I’m really surprised that some people here don’t understand the value of smart contracts.
Contracts and rules and regulations are made by humans. Humans can sometimes be unfair and biased and error-prone.
Code on the other hand does not discriminate. Ethereum smart contracts are open source and auditable.
Technology can be used for good or bad. But I would much rather an industry be run by fair, auditable code than (unfortunately faulty) humans.
If I apply for a mortgage, I would like to know the process if driven by code which is applied transparently and equally to everyone, so things like skin colour isn’t a factor.
Competition will always remain. If a company uses unfair smart contracts, there will always be alternatives.
But I would much rather an industry be run by fair, auditable code than (unfortunately faulty) humans.
The only thing "auditable" gets you is "certain to have the intended outcome". It doesn't make the intended outcome good or ... uh, fair.
If a company uses unfair smart contracts, there will always be alternatives.
Why would that be? You have plenty of situations right now where a given company will offer you an ordinary contracts where there are no alternatives. Google's monopoly on Internet advertising has gotten a lot of press, there are plenty of places where a single ISP is all that's possible. What kind of contract would hospitals offer a person right before surgery?
I find it remarkable someone would make this sort of statement.
"Certain to have the intended outcome" goes a long way in aligning people's expectations with outcomes, and removing sources of unfairness.
>>Why would that be?

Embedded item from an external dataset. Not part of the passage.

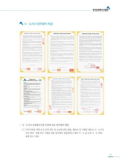 시·도지사 업무협약 체결 ■ 시·도지사 감정평가기관 추천에 따른 업무협약 체결 >>> 「공익사업을 위한 토지 등의 취득 및 보상에 관한 법률」 제68조 및 시행령 제28조 시·도지사 추천 위탁·대행 업무 수행을 위한 업무협약 체결(현재 17개의 시·도 중 15개 시·도 위탁· 대행 업무 수행 ) 43

You have plenty of situations right now where a given company will offer you an ordinary contracts where there are no alternatives. Google's monopoly on Internet advertising has gotten a lot of press, there are plenty of places where a single ISP is all that's possible.
That's not the fault of the provider who steps in to provide the service. If there is a natural monopoly, it's the public's job to come together and collectively fund a public option to ensure that the economic rent from being the monopolistic provider is distributed to the public rather than captured by a private party.
The solution is not to restrict people's right to engage in mutually voluntary private interactions.